=== Begin Enclosure ===
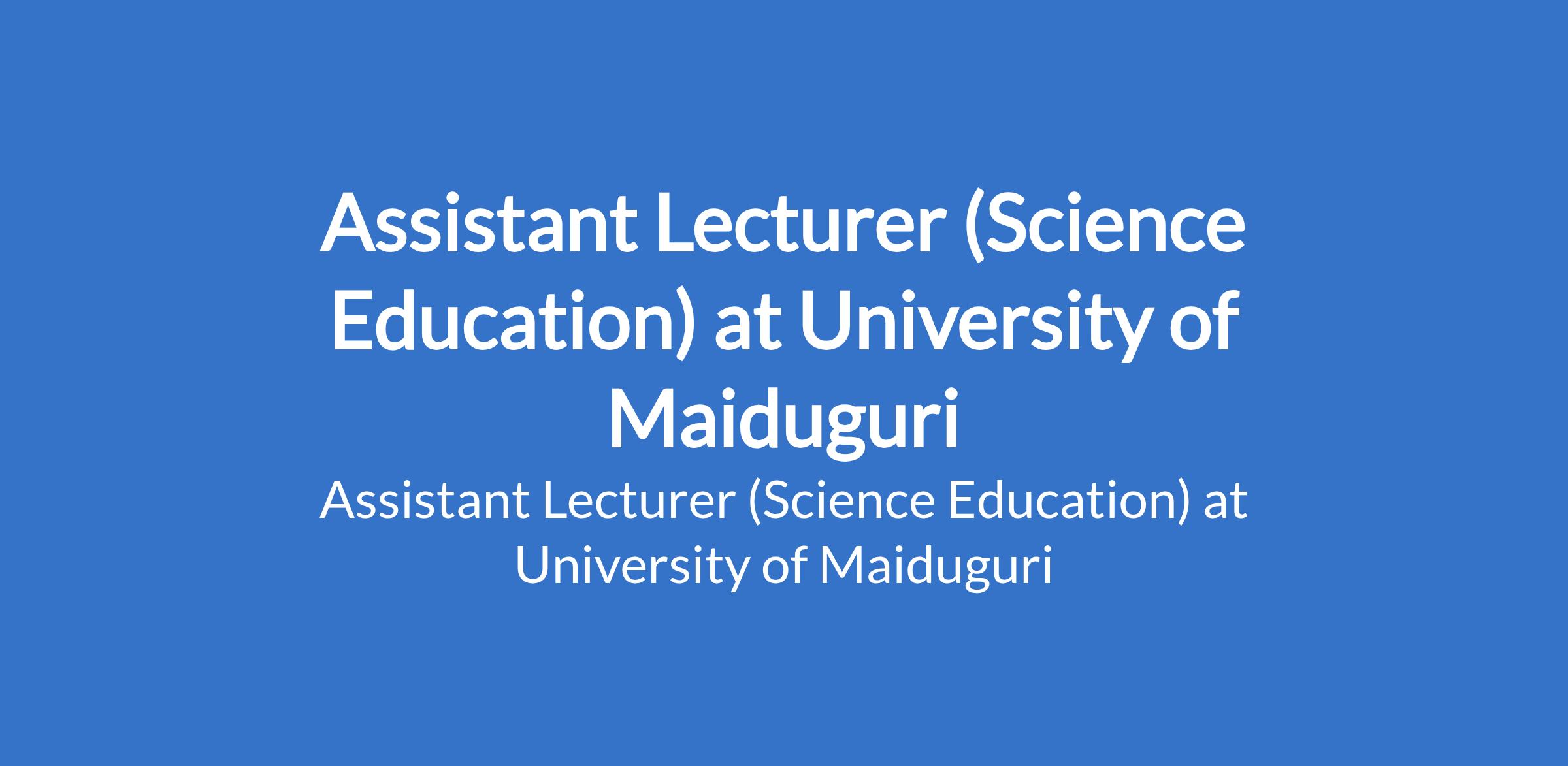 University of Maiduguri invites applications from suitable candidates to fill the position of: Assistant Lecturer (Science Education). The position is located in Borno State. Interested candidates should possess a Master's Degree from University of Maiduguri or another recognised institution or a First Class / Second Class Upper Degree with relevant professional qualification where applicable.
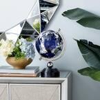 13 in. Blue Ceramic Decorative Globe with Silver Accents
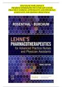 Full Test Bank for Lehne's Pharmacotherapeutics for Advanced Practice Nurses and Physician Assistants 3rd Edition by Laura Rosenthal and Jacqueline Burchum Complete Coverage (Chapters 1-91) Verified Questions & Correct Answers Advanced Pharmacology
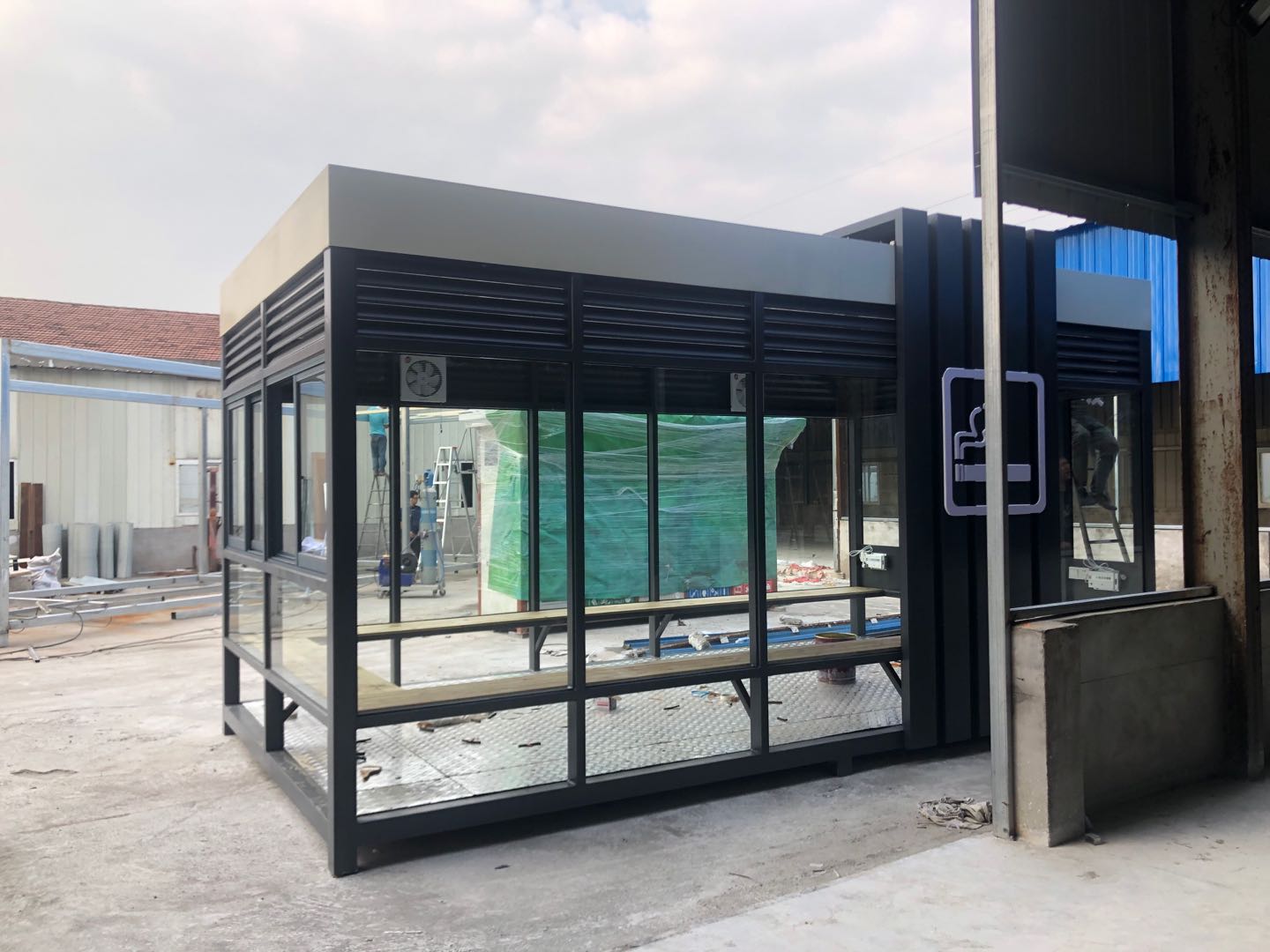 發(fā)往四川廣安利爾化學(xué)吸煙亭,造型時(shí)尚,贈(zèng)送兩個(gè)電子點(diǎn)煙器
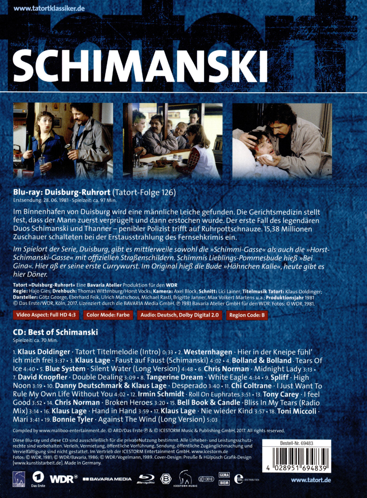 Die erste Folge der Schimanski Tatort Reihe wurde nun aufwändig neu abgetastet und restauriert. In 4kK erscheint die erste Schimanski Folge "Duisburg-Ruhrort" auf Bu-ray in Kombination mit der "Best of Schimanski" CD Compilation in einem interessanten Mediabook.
=== End Enclosure ===
= WHAT YOU WILL DO =
Your answer must consist of the entries, unchanged, with no pictures in it.

= SOLUTION =
 University of Maiduguri invites applications from suitable candidates to fill the position of: Assistant Lecturer (Science Education). The position is located in Borno State. Interested candidates should possess a Master's Degree from University of Maiduguri or another recognised institution or a First Class / Second Class Upper Degree with relevant professional qualification where applicable.
 13 in. Blue Ceramic Decorative Globe with Silver Accents
 Full Test Bank for Lehne's Pharmacotherapeutics for Advanced Practice Nurses and Physician Assistants 3rd Edition by Laura Rosenthal and Jacqueline Burchum Complete Coverage (Chapters 1-91) Verified Questions & Correct Answers Advanced Pharmacology
 發(fā)往四川廣安利爾化學(xué)吸煙亭,造型時(shí)尚,贈(zèng)送兩個(gè)電子點(diǎn)煙器
 Die erste Folge der Schimanski Tatort Reihe wurde nun aufwändig neu abgetastet und restauriert. In 4kK erscheint die erste Schimanski Folge "Duisburg-Ruhrort" auf Bu-ray in Kombination mit der "Best of Schimanski" CD Compilation in einem interessanten Mediabook.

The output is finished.